Statistical Interference Course Project Report 2

Introduction

This report is devoted to analysis of ToothGrowth dataset.

Dataset description

The response is the length of odontoblasts (cells responsible for tooth growth) in 60 guinea pigs. Each animal received one of three dose levels of vitamin C (0.5, 1, and 2 mg/day) by one of two delivery methods, (orange juice or ascorbic acid (a form of vitamin C and coded as VC).

Data loading and settings

Load necessary packages and create dataframe:

if (!require("datasets")){
        install.packages("datasets")
        library(datasets)
}

if (!require("ggplot2")){
        install.packages("ggplot2")
        library(ggplot2)
}

## Loading required package: ggplot2

data("ToothGrowth")

Exploratory analysis

Let’s look on the data distribution for different delivery methods:

ggplot( ToothGrowth, aes(len, fill = supp))+
        geom_density(alpha=0.3, position = "identity")+
        xlab("Length")+
        scale_fill_discrete(name="Supplement")+
        theme_bw()

And for different doses:

ggplot( ToothGrowth, aes(len, fill = factor(dose)))+
        geom_density(alpha=0.3, position = "identity")+
        xlab("Length")+
        scale_fill_discrete(name="Dose")+
        theme_bw()

We can see that distributions are approximately normal. So we can use t-test to analyse these datasets.

Difference between delivery methods

ggplot( ToothGrowth, aes(factor(supp),len, fill = supp))+
        geom_boxplot()+
        ylab("Length")+
        xlab("")+
        scale_fill_discrete(name="Supplement")+
        theme_bw()

It’s hard to say is there some significant difference or not. Execute t-test for difference between VC and juice:

t <-  t.test(len~supp,data = ToothGrowth, paired = FALSE)$conf.int

Confidence interval for difference: -0.1710156, 7.5710156. So we cannot reject null-hypotheses (with confidence level = 0.95). There are not significant differences between different supplements.

Difference between doses

Let’s do the same analysis with different doses of supplement.
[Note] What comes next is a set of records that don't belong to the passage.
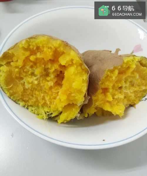 7轻轻掰开红薯,软软的,香香的,吃起来又香又甜,特别好吃。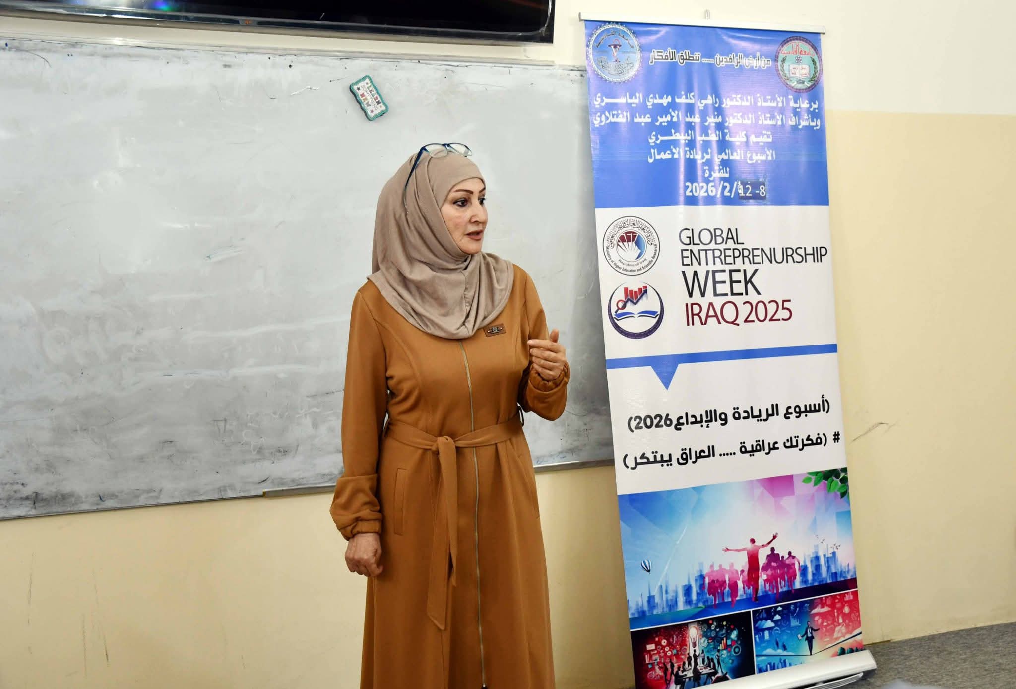 the College of Veterinary Medicine at Al-Qadisiyah University conducted a workshop as part of Entrepreneurship Week, entitled “Transforming Passion into Entrepreneurship.” The workshop was presented by Ms. Miad Qadir Al-Jashami.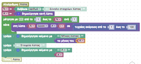 Κατ’ αρχήν ζητάμε ο χρήστης να μας δώσει τον αριθμό των στοιχείων Ν που θ’ αποθηκευθούν στη λίστα. Στη συνέχεια δημιουργούμε μια νέα λίστα Α, και αποθηκεύουμε Ν τυχαίους αριθμούς σ’ αυτήν μέσα σε μια εντολή επανάληψης από το 1 μέχρι το Ν (οι αριθμοί αυτοί μπορούν να παίρνουν τιμές από το 1 μέχρι το 100). Χρησιμοποιώντας την εντολή τυχαίος αριθμός από το 1 μέχρι το Ν (του μενού Πράξεις) το φωτόδεντρο δημιουργεί τυχαίους αριθμούς σ’ αυτό το διάστημα.

ggplot( ToothGrowth, aes(factor(dose),len, fill = factor(dose)))+
        geom_boxplot()+
        ylab("Length")+
        xlab("")+
        scale_fill_discrete(name="Doses")+
        theme_bw()

There is more clear dependence: bigger dose - better results. Execute t-test for difference between 0.5 and 1 doses:

 t <- t.test(len~dose,data = ToothGrowth[ToothGrowth$dose==0.5|
                                            ToothGrowth$dose==1,], 
        paired = FALSE)$conf.int

Confidence interval for difference: -11.9837813, -6.2762187.

Between 1 and 2:

 t <- t.test(len~dose,data = ToothGrowth[ToothGrowth$dose==2|
                                            ToothGrowth$dose==1,], 
        paired = FALSE)$conf.int

Confidence interval for difference: -8.9964805, -3.7335195.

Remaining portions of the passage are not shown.